Salzburg is of course the city of Mozart - his birthplace and where he first established his brilliant musical career under the patronage of the Prince-Archbishop of Salzburg.
The towers of the Salzburger Dom
Any visitor cannot fail to be touched by a little bit of his magic. His face and silhouette, and name and melodies are scattered around the city whichever way you turn down the little streets of the Old Town.
The old centre of Salzburg is dominated by a forbidding-looking castle, the Hohensalzburg Fortress, which stands at one end on a great shoulder of rock called the Mönchsberg. This rock cuts off the old town from the western part of the city, though it is punctured through its heart by a looming tunnel through which traffic continually comes and goes.

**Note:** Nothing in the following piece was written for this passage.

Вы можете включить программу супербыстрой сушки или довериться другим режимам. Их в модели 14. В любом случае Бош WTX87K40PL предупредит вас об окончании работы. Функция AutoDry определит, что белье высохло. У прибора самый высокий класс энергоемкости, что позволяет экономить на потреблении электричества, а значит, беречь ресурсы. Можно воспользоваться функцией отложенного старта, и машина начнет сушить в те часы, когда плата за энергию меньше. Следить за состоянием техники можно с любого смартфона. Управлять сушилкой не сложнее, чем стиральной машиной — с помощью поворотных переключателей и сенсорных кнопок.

As described - the Mönchsberg tunnel
The views and walks along its length are remarkable when you consider you are in the second city of Austria, and you can lookout at the rising hills and mountains in every direction, around which the city has been built.
As a city, Salzburg feels much older and much simpler than Vienna. It has an almost complacent feel to it – that it knows it has already established its name in the world. People will come because of what it is, and what its children have done. Should the world really expect too much more from this place?

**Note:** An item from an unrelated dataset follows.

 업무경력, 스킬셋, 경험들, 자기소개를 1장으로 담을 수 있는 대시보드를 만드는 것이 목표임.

We arrived later in the day than we had intended, but early enough to have a leisurely late lunch on the Residenzplatz, enjoying frothy Weissbier in tall and slender glasses, watching the sun pass behind the towers of the Salzburger Dom and listening to the tuneless chants of Slovakian football supporters, in town for a match that night.
View west from the Mönchsberg
That evening, after we’d found ourselves a hotel for the night, we climbed up the Mönchsberg and wandered through the woods on its top, and on into the fortress, perched up a slope so precipitous I wondered what a drudgery would it be to work as a footman at the Prince-Archbishop’s court, tramping up and down that every day. But we got up there eventually. From a parapet hundreds of feet above the foot of the cliffs, we watched the sun slowly fall in the west, and the sky light up in a gorgeous blaze of pinks and oranges over the spires of Salzburg.
Everyone looked very happy and content.
Even Chrissie and Christian seem to have forgotten their scares of the morning, as we all gazed wistfully out over the city.
The spires of Salzburg
I had grand plans of “going out” in Salzburg. Surely there must be bars and clubs and people and music in this place? Maybe there were, but we never found them. We were all pretty wiped out anyway.
The old centre was totally quiet and subdued, the streets nearly empty save for a few tourists meandering aimlessly past bizarrely arranged shop windows. Everywhere wanted to sell you Mozart chocolate balls.
Don't mind if I do...
We settled down for the finest Schnitzels of the tour in front of Mozarts Geburtshaus, and ran through the best moments of the day.
“Tomorrow the mountains then?” asked Chrissie.
“Oh yes. You wanna swap bikes?”
“Hyaa, right!” she guffawed. (She sometimes does.)
“Well, if I remember rightly there’s only a couple of tunnels to get through too.”
She stopped laughing.
“Nooo….” she said, almost in a whimper.
I said nothing, and just smiled at her sweetly.